The problem: Restate, exactly as written, the entries below from the line that holds "写真=「お楽しみ歌くらべ」で" through the line that holds "LA Lakers Magic". Pictures are not part of the copy.

Exercise data:
* * *

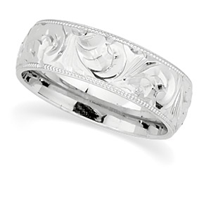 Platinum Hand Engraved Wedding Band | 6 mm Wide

* * *

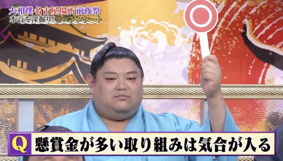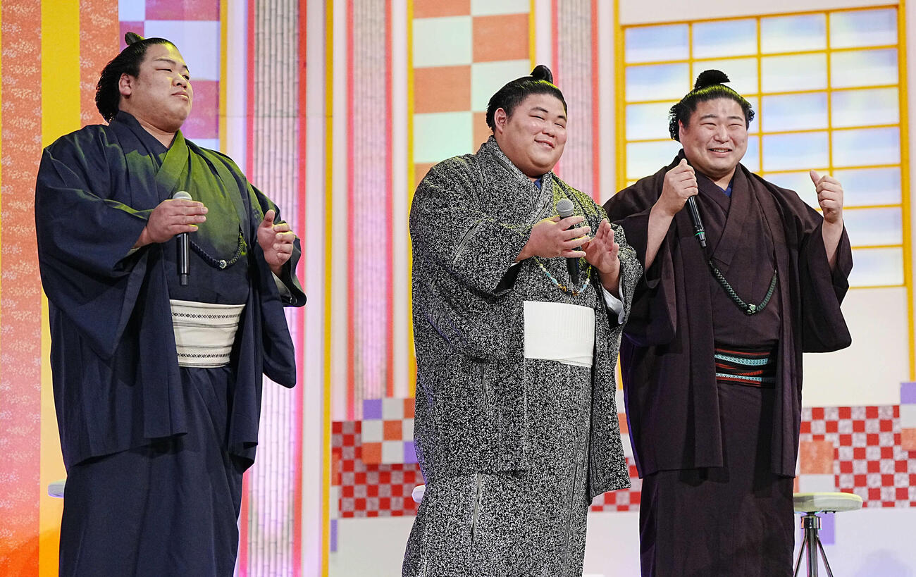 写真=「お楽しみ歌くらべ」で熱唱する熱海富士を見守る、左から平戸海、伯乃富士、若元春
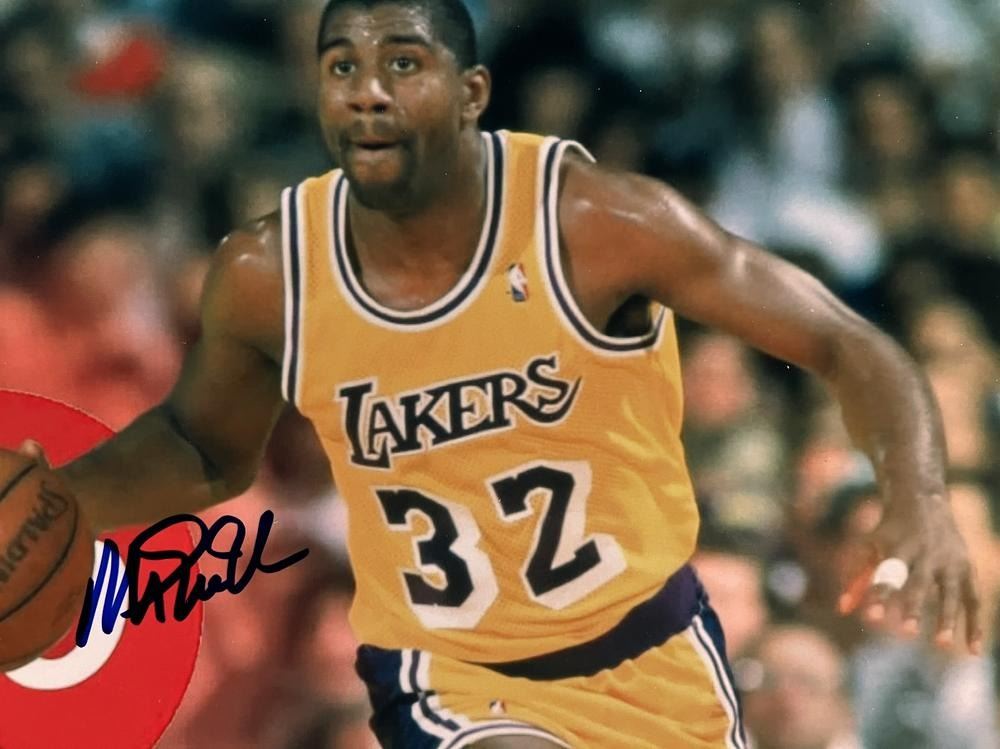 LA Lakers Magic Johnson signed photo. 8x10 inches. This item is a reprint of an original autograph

* * *

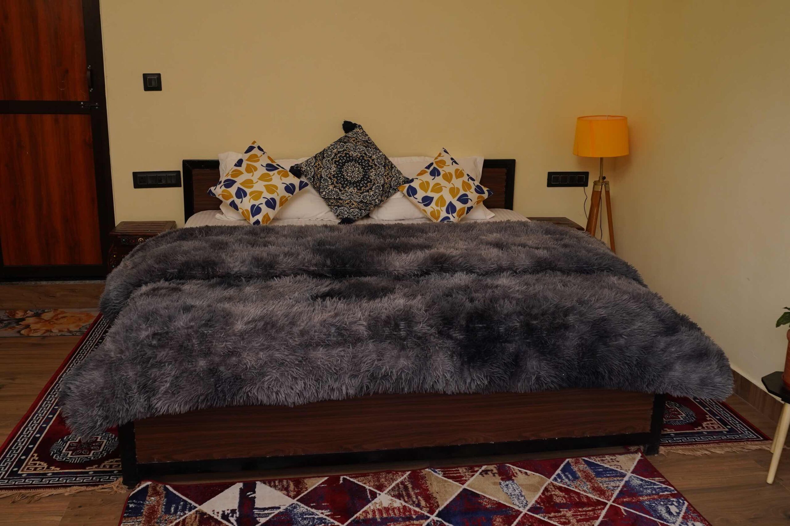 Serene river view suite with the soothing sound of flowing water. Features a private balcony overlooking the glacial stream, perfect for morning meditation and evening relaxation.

* * *

Response:
 写真=「お楽しみ歌くらべ」で熱唱する熱海富士を見守る、左から平戸海、伯乃富士、若元春
 LA Lakers Magic Johnson signed photo. 8x10 inches. This item is a reprint of an original autograph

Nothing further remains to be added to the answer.